(Records for this exercise)

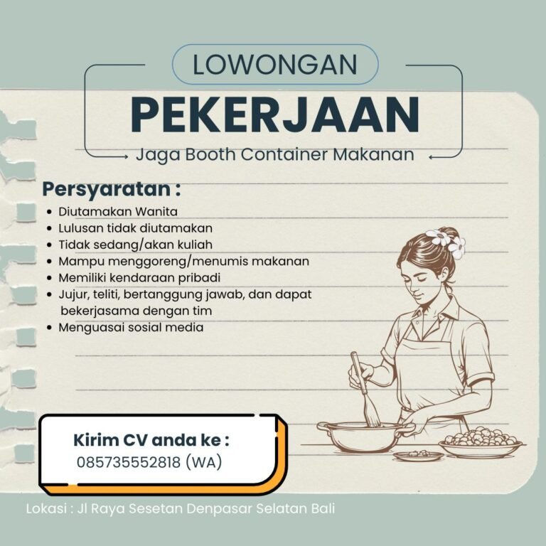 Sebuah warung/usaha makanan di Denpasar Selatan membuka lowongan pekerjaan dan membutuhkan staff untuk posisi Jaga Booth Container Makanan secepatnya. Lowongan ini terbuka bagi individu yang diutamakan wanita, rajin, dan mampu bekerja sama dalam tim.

(End Records for this exercise)
(Records for this exercise)

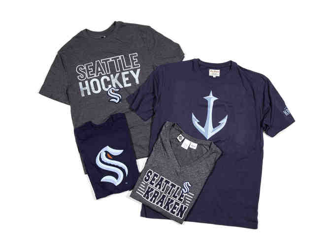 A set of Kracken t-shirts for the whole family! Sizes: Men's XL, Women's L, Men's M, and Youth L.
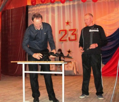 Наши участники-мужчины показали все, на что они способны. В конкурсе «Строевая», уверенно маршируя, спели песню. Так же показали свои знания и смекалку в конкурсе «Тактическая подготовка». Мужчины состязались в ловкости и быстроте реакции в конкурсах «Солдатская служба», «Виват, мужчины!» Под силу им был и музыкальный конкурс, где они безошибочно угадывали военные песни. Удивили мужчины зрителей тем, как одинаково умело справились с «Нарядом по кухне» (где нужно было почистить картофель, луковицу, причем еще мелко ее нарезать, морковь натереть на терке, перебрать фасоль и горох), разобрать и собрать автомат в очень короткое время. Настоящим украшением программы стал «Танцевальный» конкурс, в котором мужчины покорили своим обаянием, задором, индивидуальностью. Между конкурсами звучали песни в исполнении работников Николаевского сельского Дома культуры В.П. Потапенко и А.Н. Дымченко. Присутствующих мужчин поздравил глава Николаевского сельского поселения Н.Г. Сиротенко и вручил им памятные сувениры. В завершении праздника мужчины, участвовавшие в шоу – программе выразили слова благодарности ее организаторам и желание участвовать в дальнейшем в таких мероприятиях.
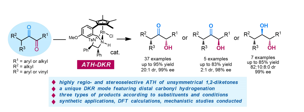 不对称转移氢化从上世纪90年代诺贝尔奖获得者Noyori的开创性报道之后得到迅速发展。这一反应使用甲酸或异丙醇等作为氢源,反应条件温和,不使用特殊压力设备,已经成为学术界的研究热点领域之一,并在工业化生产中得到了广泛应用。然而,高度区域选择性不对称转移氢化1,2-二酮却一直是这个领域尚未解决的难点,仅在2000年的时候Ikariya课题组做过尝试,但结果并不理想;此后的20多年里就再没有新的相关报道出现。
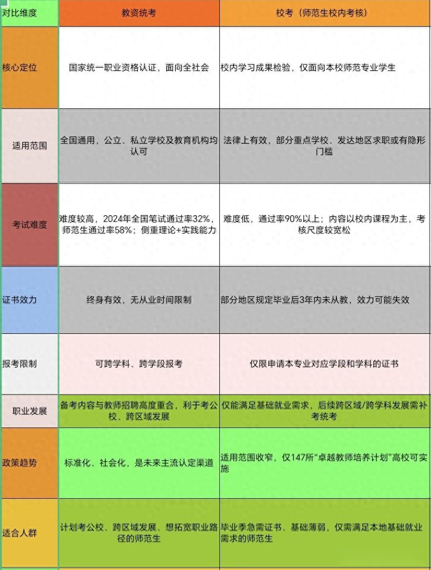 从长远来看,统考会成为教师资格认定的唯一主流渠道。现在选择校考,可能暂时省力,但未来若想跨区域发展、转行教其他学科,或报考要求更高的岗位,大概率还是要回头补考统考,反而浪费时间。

(End Records for this exercise)

— The problem —
Starting at the line above that contains "不对称转移氢化从上世纪90年", transcribe every line exactly through the line that contains "从长远来看,统考会成为教师资", including that last one, and skip the pictures.

— The completed task —
 不对称转移氢化从上世纪90年代诺贝尔奖获得者Noyori的开创性报道之后得到迅速发展。这一反应使用甲酸或异丙醇等作为氢源,反应条件温和,不使用特殊压力设备,已经成为学术界的研究热点领域之一,并在工业化生产中得到了广泛应用。然而,高度区域选择性不对称转移氢化1,2-二酮却一直是这个领域尚未解决的难点,仅在2000年的时候Ikariya课题组做过尝试,但结果并不理想;此后的20多年里就再没有新的相关报道出现。
 从长远来看,统考会成为教师资格认定的唯一主流渠道。现在选择校考,可能暂时省力,但未来若想跨区域发展、转行教其他学科,或报考要求更高的岗位,大概率还是要回头补考统考,反而浪费时间。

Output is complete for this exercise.